Your task: Where in the records does the word "with" occur? Copy each line in which it does.

Source material:
=== Section Start ===

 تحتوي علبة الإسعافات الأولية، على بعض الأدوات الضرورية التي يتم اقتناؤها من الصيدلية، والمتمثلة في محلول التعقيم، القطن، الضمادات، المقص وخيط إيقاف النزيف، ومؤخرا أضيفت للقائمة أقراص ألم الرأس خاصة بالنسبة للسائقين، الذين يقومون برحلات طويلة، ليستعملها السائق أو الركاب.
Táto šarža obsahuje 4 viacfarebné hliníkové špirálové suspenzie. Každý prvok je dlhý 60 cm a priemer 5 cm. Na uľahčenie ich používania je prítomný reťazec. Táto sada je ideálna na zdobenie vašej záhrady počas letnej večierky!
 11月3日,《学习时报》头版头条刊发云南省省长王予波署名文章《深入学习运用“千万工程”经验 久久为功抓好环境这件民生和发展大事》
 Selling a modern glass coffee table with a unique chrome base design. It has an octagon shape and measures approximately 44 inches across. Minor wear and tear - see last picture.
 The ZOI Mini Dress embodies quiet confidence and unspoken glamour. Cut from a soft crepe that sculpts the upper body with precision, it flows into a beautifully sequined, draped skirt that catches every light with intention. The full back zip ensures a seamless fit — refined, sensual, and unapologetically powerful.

=== Section End ===
=== Section Start ===

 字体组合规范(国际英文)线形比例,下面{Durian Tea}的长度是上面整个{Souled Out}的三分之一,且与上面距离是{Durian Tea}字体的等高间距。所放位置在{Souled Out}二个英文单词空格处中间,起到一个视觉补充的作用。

=== Section End ===

Written answer:
 Selling a modern glass coffee table with a unique chrome base design. It has an octagon shape and measures approximately 44 inches across. Minor wear and tear - see last picture.
 The ZOI Mini Dress embodies quiet confidence and unspoken glamour. Cut from a soft crepe that sculpts the upper body with precision, it flows into a beautifully sequined, draped skirt that catches every light with intention. The full back zip ensures a seamless fit — refined, sensual, and unapologetically powerful.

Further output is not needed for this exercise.